Agree with Tao though, I am skeptical of any result of this type unless there's a lot of transparency, ideally ahead of time. If not ahead of time, then at least the entire prompt and fine-tune data that was used.

swyx 9 hours ago

OAI's story here: https://x.com/polynoamial/status/1947398532899738064
apparently IMO emailed them. but then they completed the IMO eval independently.

ferguess_k 16 hours ago

This is a fair reply, but TBH I don't think it's going to change much. The upper echelon of the human society has decided to move AI forward rapidly regardless of any consequences. The rest of us can only hold and pray.

justanotherjoe 14 hours ago
You are watching american money hard at work, my friend.
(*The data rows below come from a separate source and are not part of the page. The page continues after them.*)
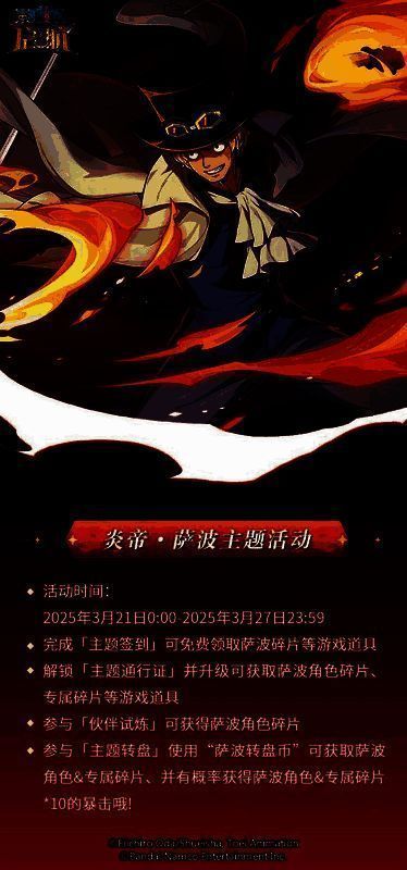 炎帝·萨波伙伴定位为中排·火系·控制·治疗。炎帝·萨波自身的能量获取不会被无效化,且治疗量与治疗效率均不受外界影响;入场后对自身以外的队友施加【星火】,持续60秒;为处于【星火】状态的队友分担10%伤害;场上每有存在1个【星火】,炎帝·萨波将获得15%绝对减伤;若入场后我方伙伴均带火系标签或触发【三兄弟】,处于【星火】状态的队友受到的暴击伤害减少20%。推荐阵容:和之国大妈、烬、炎帝·萨波、火拳·艾斯、凯多。顺带一提,火拳·艾斯也迎来了全新突破,潜能之力正式开放,焰火燃烧得更加炽烈,战斗力再攀巅峰!即日起至3月27日,参与活动即可获取大量好礼哦!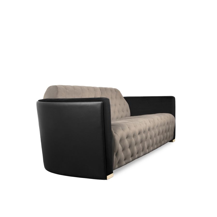 The Navis Sofa combines the strength of an era with modern comfort to create a bold yet elegant piece. Luxuriously crafted with velvet, leather, and polished brass accents, this sofa offers a discreet yet sumptuous contrast that adds sophistication to any living room design.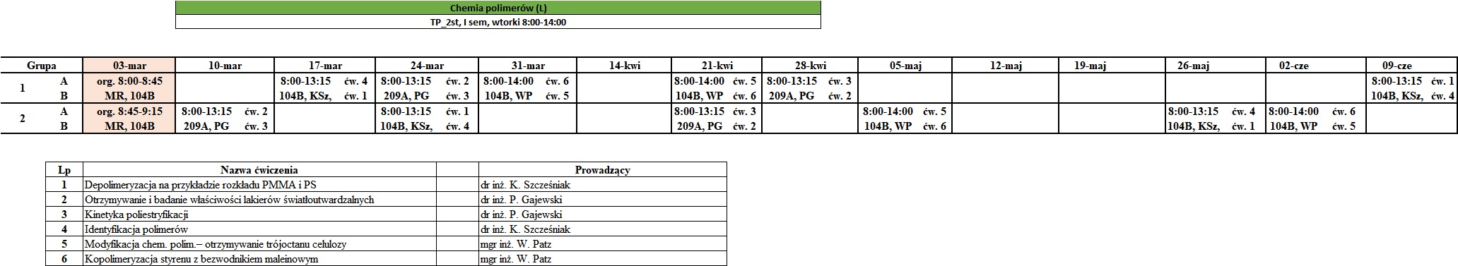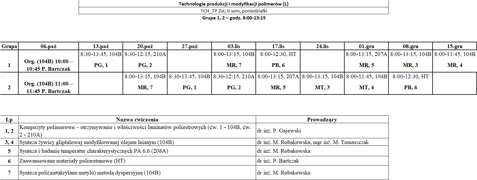 semestr II – Technologie produkcji i modyfikacji polimerów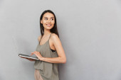 Zdjęcie "Obrazu, niesamowity studenta emocjonalnych panienka stojąc na białym tle nad szarym tle ściany wyświetlone laptopa." może być wykorzystywane do celów osobistych i komercyjnych zgodnie z warunkami zakupionej licencji Royalty-free. Obraz jest dostępny do pobrania w jakości wysokiej rozdzielczości do 5760x3840.
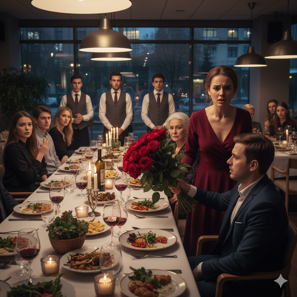 Тишина стала ещё более гнетущей. Раиса Петровна сидела бледная, сжимая в руках букет роз так, что костяшки пальцев побелели.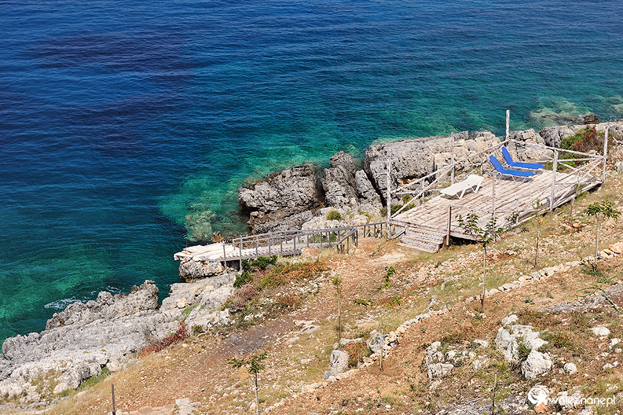 Zakynthos. Taras słoneczny i wejście do wody na cyplu Mikro Nisi.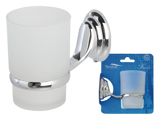 Portaspazzolino cromo/vetro satinato con piastrine in acciaio antiruggine.

It's either glorious or reckless, hard to tell for now.
- ferguess_k 14 hours ago
  
  Could be both, but one for different group of people.

dang 15 hours ago

Discussed here:

A human metaphor for evaluating AI capability - https://news.ycombinator.com/item?id=44622973 - July 2025 (30 comments)

scotty79 15 hours ago

Some of the critique is valid but some of it sounds like, "but the rules of the contest are that participants must use less than x joules of energy obtained from cellular respiration and have a singular consciousness"

I don't think anybody thinks AI was competing fair and within the rules that apply to humans. But if the humans were competing on the terms that AI solved those problems on, near-unlimited access to energy, raw compute and data, still very few humans could solve those problems within a reasonable timeframe. It would take me probably months or years to educate myself sufficiently to even have a chance.

earthicus 13 hours ago

I don't think that characterization is fair at all. It's certainly true that you, me, and most humans can't solve these problems with any amount of time or energy. But the problems are specifically written to be at the limit of what the actual high school students who participate can solve in four hours. Letting the actual students taking the test have four days instead of four hours would make a massive difference in their ability to solve them.
Said differently, the students, difficulty of the problems, and time limit are specifically coordinated together, so the amount of joules of energy used to produce a solution is not arbitrary. In the grand scheme of how the tech will improve over time, it seems likely that doesn't matter and the computers will win by any metric soon enough, but Tao is completely correct to point out that you haven't accurately told us what the machines can do today, in July 2025, without telling us ahead of time exactly what rules you are modifying.